Фонд собирался по крупицам, от человека к человеку. Когда в его рядах оказалось свыше полусотни человек, он принял официальные очертания. С правлением, кассой взаимопомощи. Ветераны фонтанировали идеями, а основатель фонда, по сути, взвалив на себя обязанности ведущего менеджера, эти идеи материализовывал через спонсоров.
Не оказаться за бортом
Марат ставил в районе Каменного озера (есть такое чудное место за поселком Заречным) палатки и юрты, выпрашивал автобусы, собирал спортсменов и артистов, чтобы в погожий летний день уютное зеленое прибрежье стало и спортивной ареной, и концертным залом для ветеранов. Он возил их смотреть железорудные карьеры Рудного и золотоносные – Варваринки, шесть лет кряду возил в Астану, в том числе и на встречу с парламентариями. Из последних поездок минувшего ноября – улетная в Казань. В прямом смысле: подразделение «Иволги», компания «Авиа-Жайнар», специально выделило борт для трехдневной поездки ветеранов «Ата».
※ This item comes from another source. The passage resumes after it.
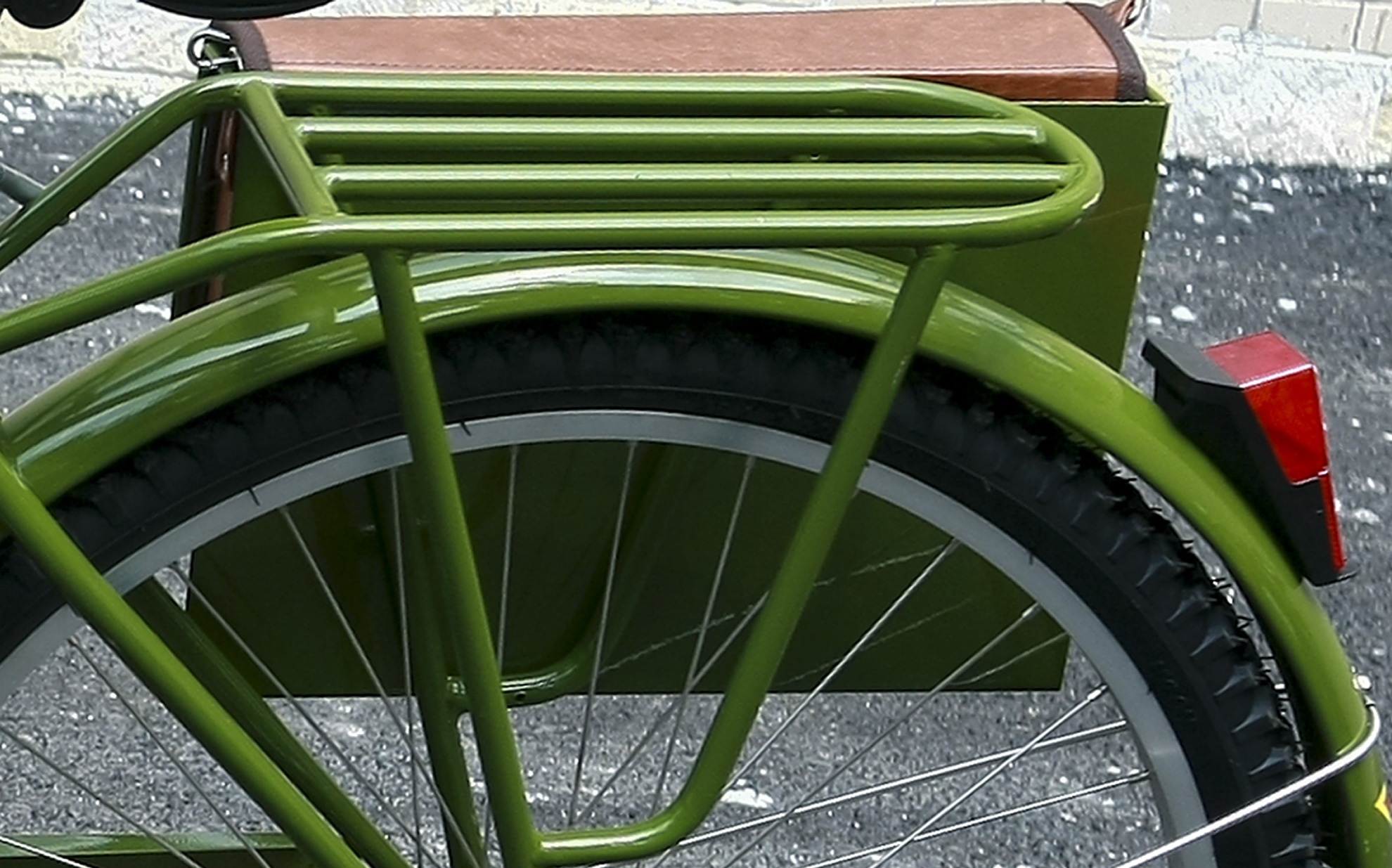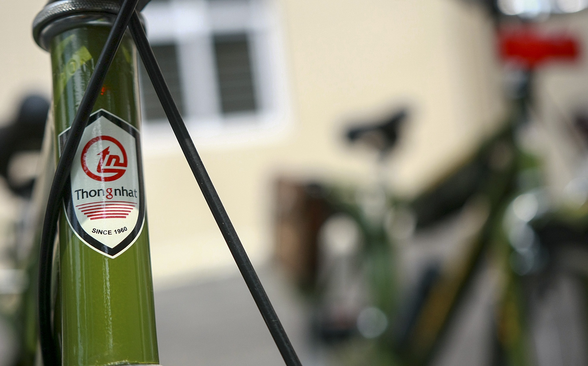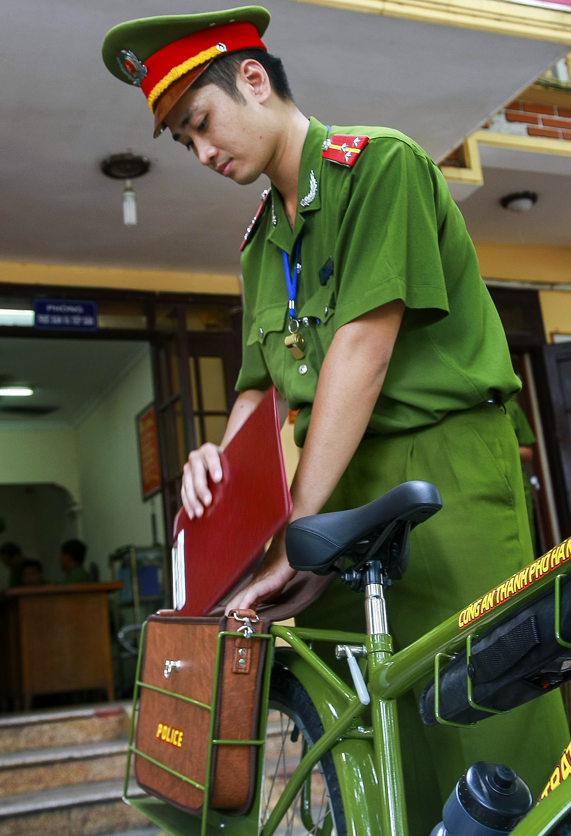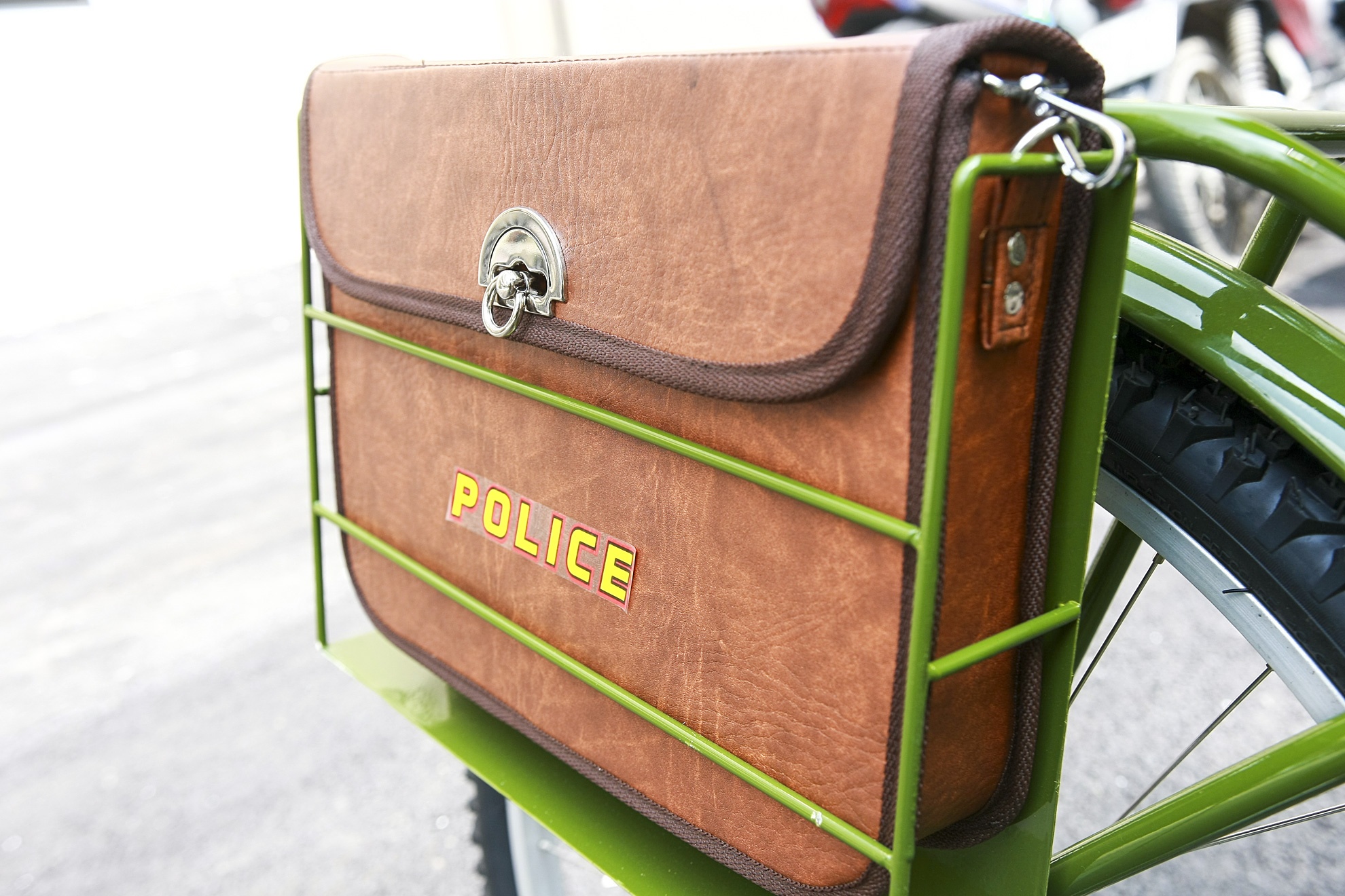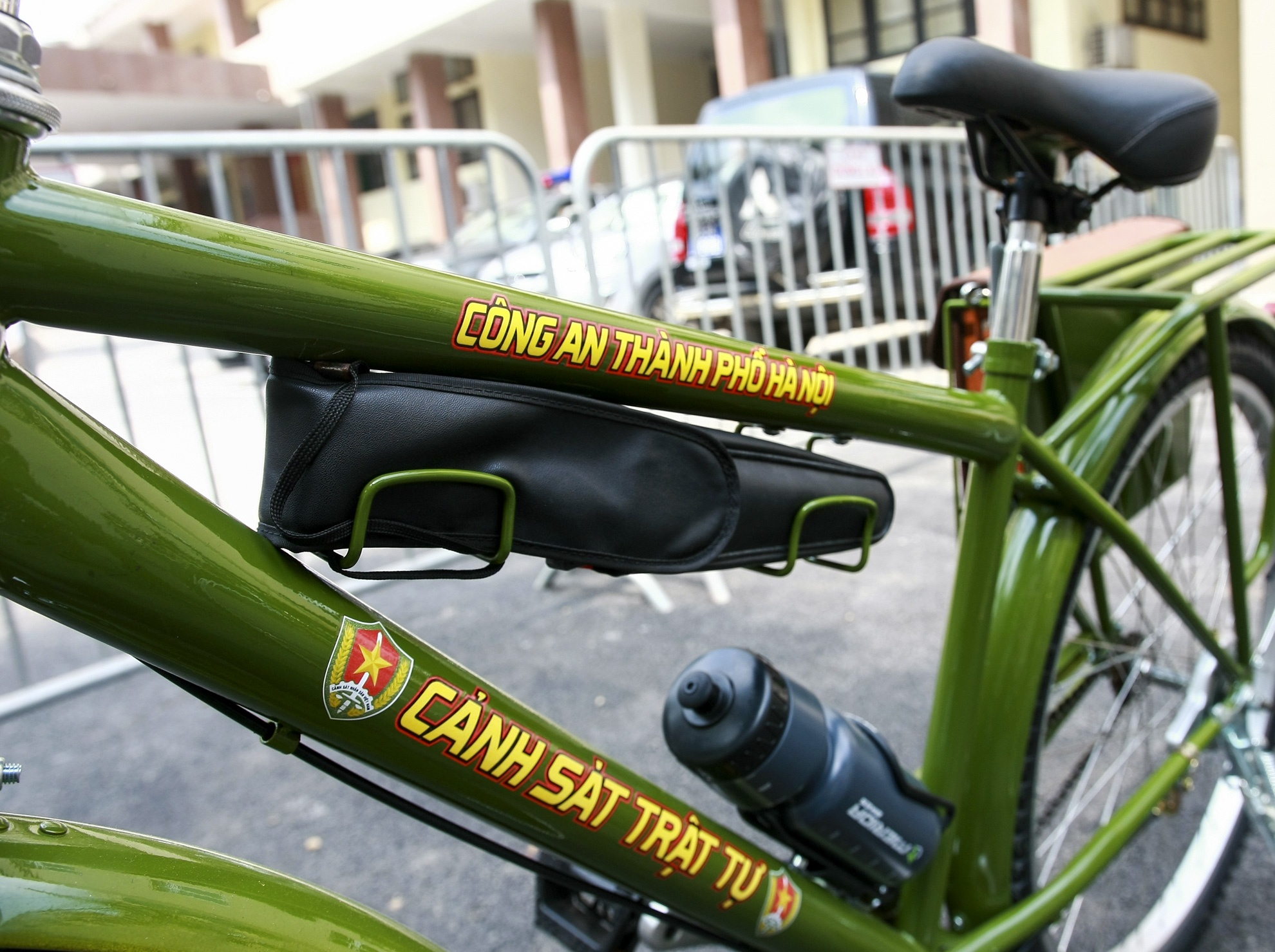 Xe đạp dành cho cảnh sát trật tự đi tuần được trang bị giỏ đựng túi da, đèn pin, bình nước, do một công ty của Việt Nam sản xuất.

Суть всех этих действий сводится к тому, чтобы ветераны, многие из которых физически слабы, не оказались за бортом жизни. Одно дело смотреть безвылазно телевизор, и совсем другое – выехать за пределы квартиры, самолично увидеть и почувствовать движение времени. Это не пафосные слова. Мозг человека, особенно та его часть, которая отвечает за нашу потребность воспринимать мир в адекватной ясности, часто не дружит с физиологией. Что поделаешь, это старость. Но с ее наступлением жизнь не кончается. Переключаешь скорость на пониженную и движешься дальше. За окном один ландшафт, независимо от того, в салоне кроссовера ты или в стареньких «Жигулях», молод ты или не очень.
Вот такая история. Она продолжается, подобно речке, текущей подо льдом. Незримо, но живо.